Raise the Steaks: The will to grill

As we spring into summer, we get ready to celebrate Memorial Day. The unofficial start to summer, the official start to the grilling season, the smiles and sun are out in full vigor.

Whether you have had your grill for decades or picked it up days ago, it still needs some TLC to make it ready for good times and good food.

For the first half of this article, I’m going to give some tips to get your grill in tip-top shape, and how to keep it that way. If you’re already an expert on that, don’t move along just yet. The second half gives some insight to the pros and cons and general differences to charcoal v. gas grills.

Let’s fire this thing up

I will bullet some points to make it easy to follow, so you don’t have to scan for where you left off last.

For all grills, new and old, you need to put it in the best spot possible. Make sure you pick a spot that is free of low hanging branches, isn’t surrounded by debris, and smoke won’t blow into the house as you’re cooking.

It’s almost certain that I don’t need to say this, but for my own peace of mind: If it’s raining and you want to grill, put on a rain coat, do not grill in the garage. Seriously.

If your grill has been used before this season, you’ll need to clean it well. The better and more thorough you clean it, the longer it will last, the more consistent your cooking will be, and the easier it will be to maintain.

The season set-up

  • Take out all the grates, fill a container will some warm water, and some soap (dish soap is okay, but you can also buy some specific cleaners for that very thing.) Soak them for an hour to loosen any dirt and debris.
  • For gas grills take out the covers for the burners and soak them as well.
  • Make sure that all the burner holes are clean and clear.
  • If they are not, do NOT wipe them down with water or poke the dirt into the holes to clear them. If you have a shop-vac vacuum out any soot, excess charcoal, and dirt.
  • Take a wet sponge (with soap for stainless steel/without soap for any other materials like ceramic) and scrub away any leftover dirt.
  • Wipe down the exterior. Make it shine!
  • Dry it off inside and out, you don’t want any excess moisture sitting around.
  • Depending on your grate’s material. Take them out of the soak and scrub them with a brillo pad, stainless wool, or light abrasive sponge. Wipe down the burner covers in the same way.
  • Place everything back together
  • For gas grills, hook up the gas and start it up, let it run for about 20 minutes to help dry it, and get all the hoses and holes clear and working well.

The maintenance

After every cook, cleaning is just as important as anything.
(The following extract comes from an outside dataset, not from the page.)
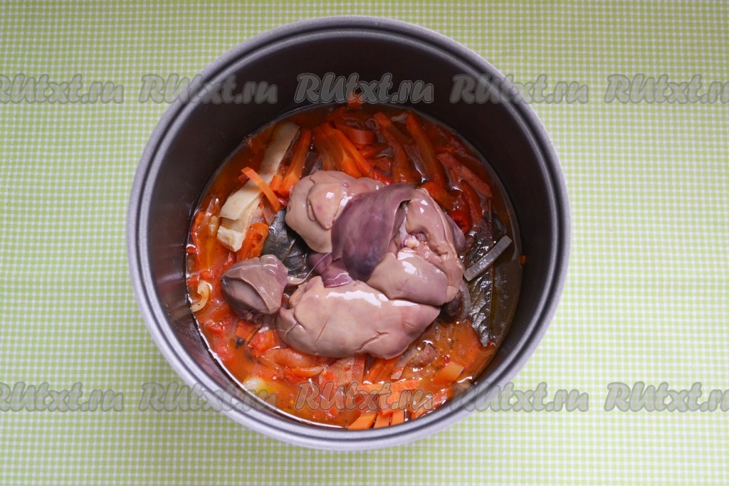 Когда мультиварка оповестит о завершении своей работы, выложить в нее вымытую куриную печень (печенку можно не нарезать на кусочки). И снова включить функцию "Тушение" на 15 минут. За отведенное время куриная печень успеет приготовиться и станет очень нежной, мягкой и вкусной.

  • When the grill is still pretty hot, now is the time you need to take a grate brush and scrub off the grates of all the soot and food. The heat helps to keep the dirt from solidifying and sticking to the grates.
  • For gas grills - After several hours and your grill has cooled, do a quick wipe of any debris in the bottom.
  • For charcoal grills - clean out the unusable coals/soot. It will just lead to uneven heating of new fresh coals.

You’re now all set and cleaned up. Go forth and grill.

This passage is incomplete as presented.